EXERCISE REQUIREMENTS: For this exercise, reproduce each entry below exactly, excluding pictures.

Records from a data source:
----

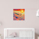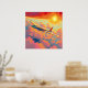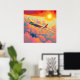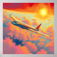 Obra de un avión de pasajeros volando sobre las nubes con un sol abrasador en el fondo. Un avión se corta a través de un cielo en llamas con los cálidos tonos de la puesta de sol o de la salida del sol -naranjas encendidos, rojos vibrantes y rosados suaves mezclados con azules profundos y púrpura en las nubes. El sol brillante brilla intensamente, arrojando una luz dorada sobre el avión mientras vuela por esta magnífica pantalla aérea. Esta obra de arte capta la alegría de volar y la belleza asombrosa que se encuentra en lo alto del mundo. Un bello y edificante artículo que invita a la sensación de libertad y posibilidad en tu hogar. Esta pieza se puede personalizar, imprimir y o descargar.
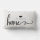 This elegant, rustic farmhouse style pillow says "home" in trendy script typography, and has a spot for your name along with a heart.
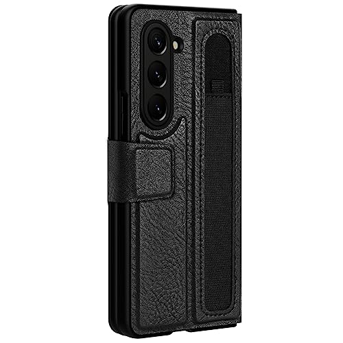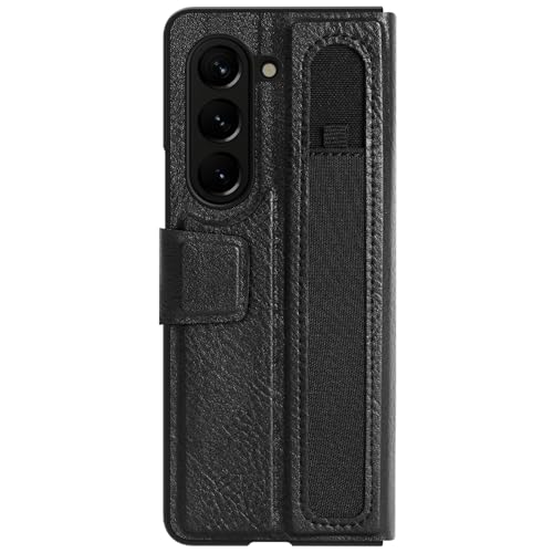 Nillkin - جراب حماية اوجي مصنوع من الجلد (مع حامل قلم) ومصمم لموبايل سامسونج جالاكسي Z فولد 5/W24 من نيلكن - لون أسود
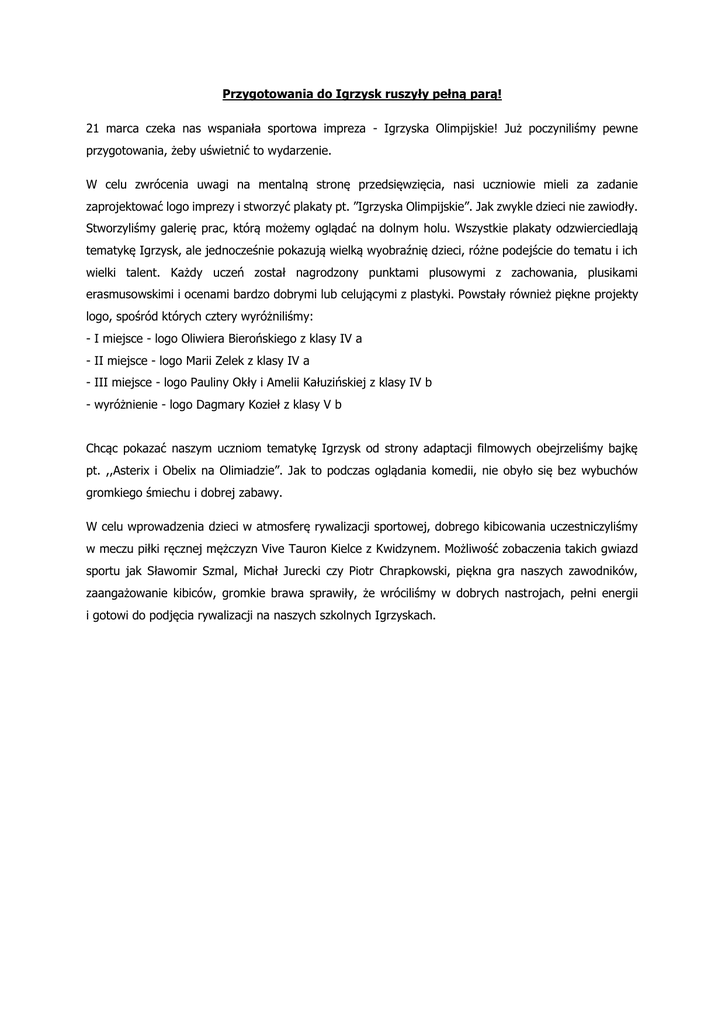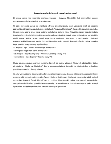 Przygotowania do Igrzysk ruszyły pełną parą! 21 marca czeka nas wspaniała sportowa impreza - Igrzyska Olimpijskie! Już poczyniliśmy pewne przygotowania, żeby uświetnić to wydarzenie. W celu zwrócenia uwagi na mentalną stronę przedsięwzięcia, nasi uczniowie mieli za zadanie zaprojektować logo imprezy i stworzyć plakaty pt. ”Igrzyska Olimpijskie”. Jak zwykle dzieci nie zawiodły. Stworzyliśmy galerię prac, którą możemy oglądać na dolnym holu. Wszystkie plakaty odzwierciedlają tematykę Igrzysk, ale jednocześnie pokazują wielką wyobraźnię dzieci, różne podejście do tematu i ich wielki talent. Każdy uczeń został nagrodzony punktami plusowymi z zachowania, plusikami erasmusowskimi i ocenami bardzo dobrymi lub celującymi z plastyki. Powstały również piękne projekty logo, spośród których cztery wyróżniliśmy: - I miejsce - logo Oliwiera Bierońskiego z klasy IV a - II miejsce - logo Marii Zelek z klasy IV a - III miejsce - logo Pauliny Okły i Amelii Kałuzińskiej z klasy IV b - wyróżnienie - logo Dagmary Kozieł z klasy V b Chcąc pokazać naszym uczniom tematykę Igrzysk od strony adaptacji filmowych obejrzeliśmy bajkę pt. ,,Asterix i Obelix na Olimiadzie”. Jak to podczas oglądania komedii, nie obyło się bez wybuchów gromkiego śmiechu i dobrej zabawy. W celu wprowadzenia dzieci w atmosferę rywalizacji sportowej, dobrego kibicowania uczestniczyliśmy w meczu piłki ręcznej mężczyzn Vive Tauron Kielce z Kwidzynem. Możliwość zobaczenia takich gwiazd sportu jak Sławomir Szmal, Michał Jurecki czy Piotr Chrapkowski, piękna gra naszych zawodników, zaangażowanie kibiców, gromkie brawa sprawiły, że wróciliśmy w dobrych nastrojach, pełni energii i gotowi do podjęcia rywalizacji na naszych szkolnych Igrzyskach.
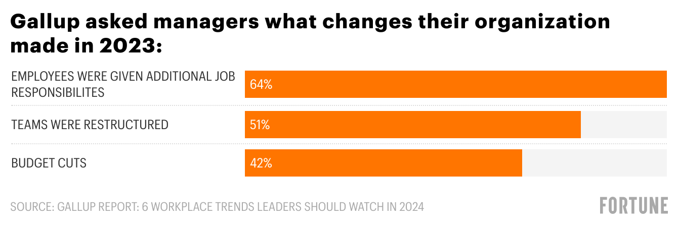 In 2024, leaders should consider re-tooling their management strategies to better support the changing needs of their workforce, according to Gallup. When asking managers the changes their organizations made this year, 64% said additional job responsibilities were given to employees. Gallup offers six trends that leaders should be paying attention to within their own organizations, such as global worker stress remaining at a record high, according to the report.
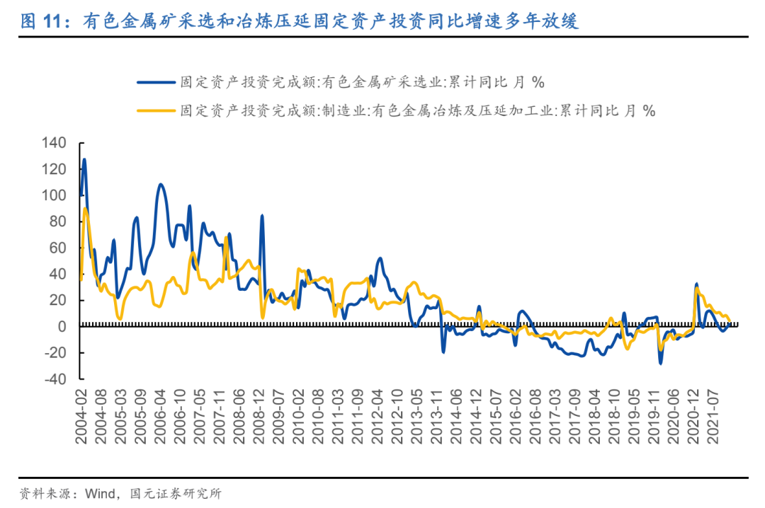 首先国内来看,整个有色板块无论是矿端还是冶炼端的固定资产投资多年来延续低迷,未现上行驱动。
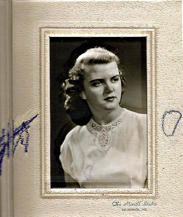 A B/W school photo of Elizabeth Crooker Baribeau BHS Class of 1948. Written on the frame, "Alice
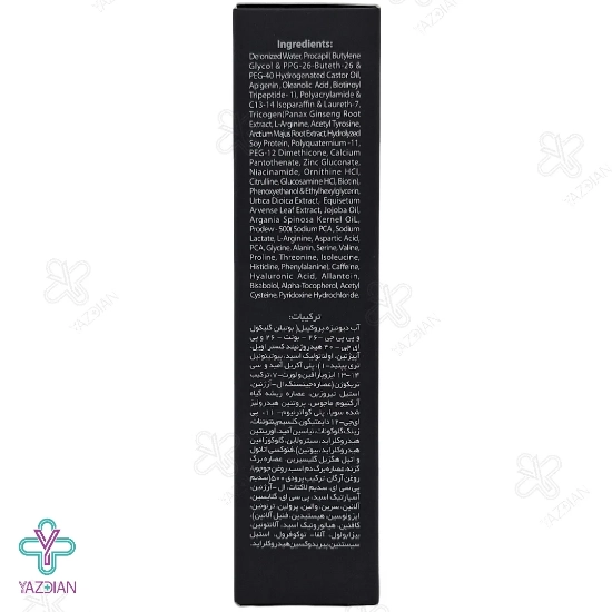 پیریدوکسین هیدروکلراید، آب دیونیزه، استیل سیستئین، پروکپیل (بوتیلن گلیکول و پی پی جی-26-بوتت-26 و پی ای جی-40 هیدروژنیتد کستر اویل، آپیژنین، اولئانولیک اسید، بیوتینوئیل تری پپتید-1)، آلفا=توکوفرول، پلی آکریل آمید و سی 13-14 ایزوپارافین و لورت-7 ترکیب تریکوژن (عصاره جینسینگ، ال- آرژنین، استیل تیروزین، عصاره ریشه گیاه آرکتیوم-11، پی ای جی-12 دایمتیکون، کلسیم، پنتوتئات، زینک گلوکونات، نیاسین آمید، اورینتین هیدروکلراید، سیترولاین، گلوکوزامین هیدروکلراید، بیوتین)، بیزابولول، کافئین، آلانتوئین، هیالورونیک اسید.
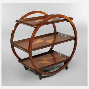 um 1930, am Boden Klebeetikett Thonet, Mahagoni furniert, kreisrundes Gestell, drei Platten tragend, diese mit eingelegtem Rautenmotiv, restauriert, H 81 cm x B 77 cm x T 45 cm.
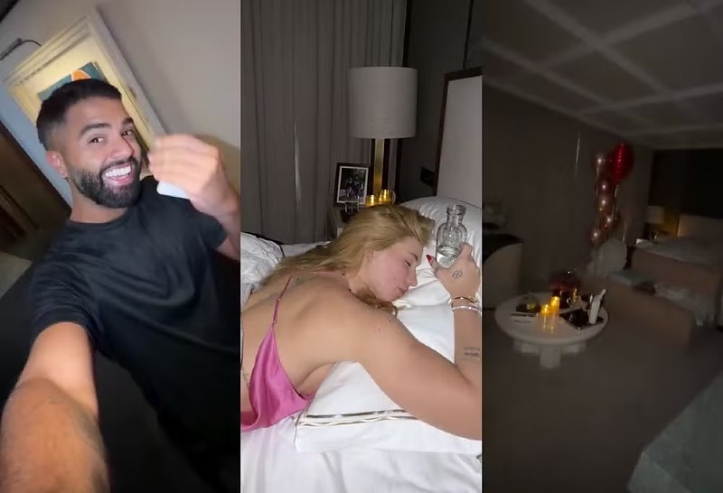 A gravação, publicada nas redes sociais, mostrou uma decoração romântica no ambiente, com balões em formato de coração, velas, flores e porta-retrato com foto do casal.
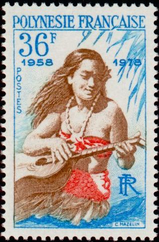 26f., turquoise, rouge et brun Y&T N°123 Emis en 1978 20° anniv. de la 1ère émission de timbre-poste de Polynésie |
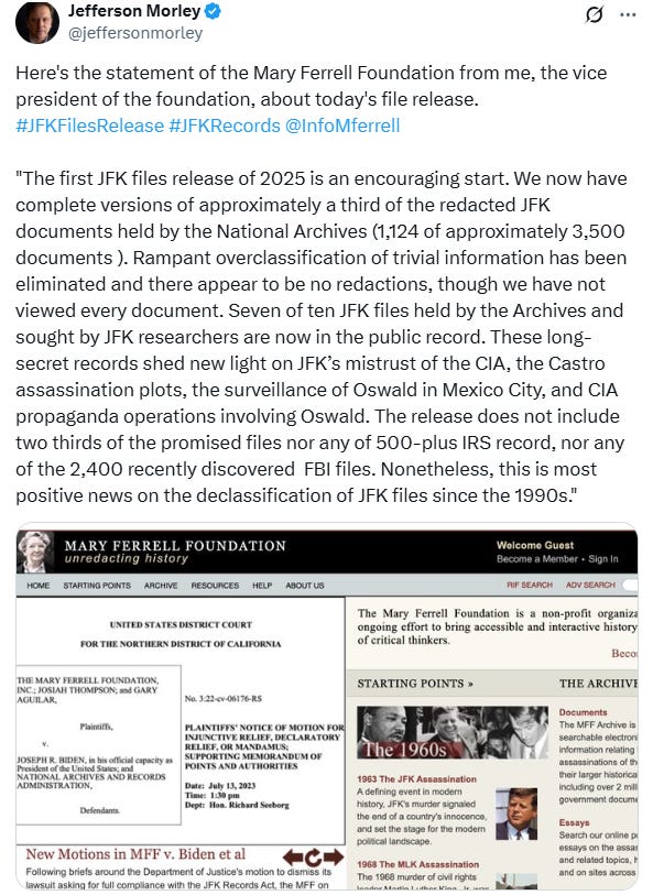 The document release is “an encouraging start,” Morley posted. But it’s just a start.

----

SOLVED EXERCISE:
 Obra de un avión de pasajeros volando sobre las nubes con un sol abrasador en el fondo. Un avión se corta a través de un cielo en llamas con los cálidos tonos de la puesta de sol o de la salida del sol -naranjas encendidos, rojos vibrantes y rosados suaves mezclados con azules profundos y púrpura en las nubes. El sol brillante brilla intensamente, arrojando una luz dorada sobre el avión mientras vuela por esta magnífica pantalla aérea. Esta obra de arte capta la alegría de volar y la belleza asombrosa que se encuentra en lo alto del mundo. Un bello y edificante artículo que invita a la sensación de libertad y posibilidad en tu hogar. Esta pieza se puede personalizar, imprimir y o descargar.
 This elegant, rustic farmhouse style pillow says "home" in trendy script typography, and has a spot for your name along with a heart.
 Nillkin - جراب حماية اوجي مصنوع من الجلد (مع حامل قلم) ومصمم لموبايل سامسونج جالاكسي Z فولد 5/W24 من نيلكن - لون أسود
 Przygotowania do Igrzysk ruszyły pełną parą! 21 marca czeka nas wspaniała sportowa impreza - Igrzyska Olimpijskie! Już poczyniliśmy pewne przygotowania, żeby uświetnić to wydarzenie. W celu zwrócenia uwagi na mentalną stronę przedsięwzięcia, nasi uczniowie mieli za zadanie zaprojektować logo imprezy i stworzyć plakaty pt. ”Igrzyska Olimpijskie”. Jak zwykle dzieci nie zawiodły. Stworzyliśmy galerię prac, którą możemy oglądać na dolnym holu. Wszystkie plakaty odzwierciedlają tematykę Igrzysk, ale jednocześnie pokazują wielką wyobraźnię dzieci, różne podejście do tematu i ich wielki talent. Każdy uczeń został nagrodzony punktami plusowymi z zachowania, plusikami erasmusowskimi i ocenami bardzo dobrymi lub celującymi z plastyki. Powstały również piękne projekty logo, spośród których cztery wyróżniliśmy: - I miejsce - logo Oliwiera Bierońskiego z klasy IV a - II miejsce - logo Marii Zelek z klasy IV a - III miejsce - logo Pauliny Okły i Amelii Kałuzińskiej z klasy IV b - wyróżnienie - logo Dagmary Kozieł z klasy V b Chcąc pokazać naszym uczniom tematykę Igrzysk od strony adaptacji filmowych obejrzeliśmy bajkę pt. ,,Asterix i Obelix na Olimiadzie”. Jak to podczas oglądania komedii, nie obyło się bez wybuchów gromkiego śmiechu i dobrej zabawy. W celu wprowadzenia dzieci w atmosferę rywalizacji sportowej, dobrego kibicowania uczestniczyliśmy w meczu piłki ręcznej mężczyzn Vive Tauron Kielce z Kwidzynem. Możliwość zobaczenia takich gwiazd sportu jak Sławomir Szmal, Michał Jurecki czy Piotr Chrapkowski, piękna gra naszych zawodników, zaangażowanie kibiców, gromkie brawa sprawiły, że wróciliśmy w dobrych nastrojach, pełni energii i gotowi do podjęcia rywalizacji na naszych szkolnych Igrzyskach.
 In 2024, leaders should consider re-tooling their management strategies to better support the changing needs of their workforce, according to Gallup. When asking managers the changes their organizations made this year, 64% said additional job responsibilities were given to employees. Gallup offers six trends that leaders should be paying attention to within their own organizations, such as global worker stress remaining at a record high, according to the report.
 首先国内来看,整个有色板块无论是矿端还是冶炼端的固定资产投资多年来延续低迷,未现上行驱动。
 A B/W school photo of Elizabeth Crooker Baribeau BHS Class of 1948. Written on the frame, "Alice
 پیریدوکسین هیدروکلراید، آب دیونیزه، استیل سیستئین، پروکپیل (بوتیلن گلیکول و پی پی جی-26-بوتت-26 و پی ای جی-40 هیدروژنیتد کستر اویل، آپیژنین، اولئانولیک اسید، بیوتینوئیل تری پپتید-1)، آلفا=توکوفرول، پلی آکریل آمید و سی 13-14 ایزوپارافین و لورت-7 ترکیب تریکوژن (عصاره جینسینگ، ال- آرژنین، استیل تیروزین، عصاره ریشه گیاه آرکتیوم-11، پی ای جی-12 دایمتیکون، کلسیم، پنتوتئات، زینک گلوکونات، نیاسین آمید، اورینتین هیدروکلراید، سیترولاین، گلوکوزامین هیدروکلراید، بیوتین)، بیزابولول، کافئین، آلانتوئین، هیالورونیک اسید.
 um 1930, am Boden Klebeetikett Thonet, Mahagoni furniert, kreisrundes Gestell, drei Platten tragend, diese mit eingelegtem Rautenmotiv, restauriert, H 81 cm x B 77 cm x T 45 cm.
 A gravação, publicada nas redes sociais, mostrou uma decoração romântica no ambiente, com balões em formato de coração, velas, flores e porta-retrato com foto do casal.
 26f., turquoise, rouge et brun Y&T N°123 Emis en 1978 20° anniv. de la 1ère émission de timbre-poste de Polynésie |
 The document release is “an encouraging start,” Morley posted. But it’s just a start.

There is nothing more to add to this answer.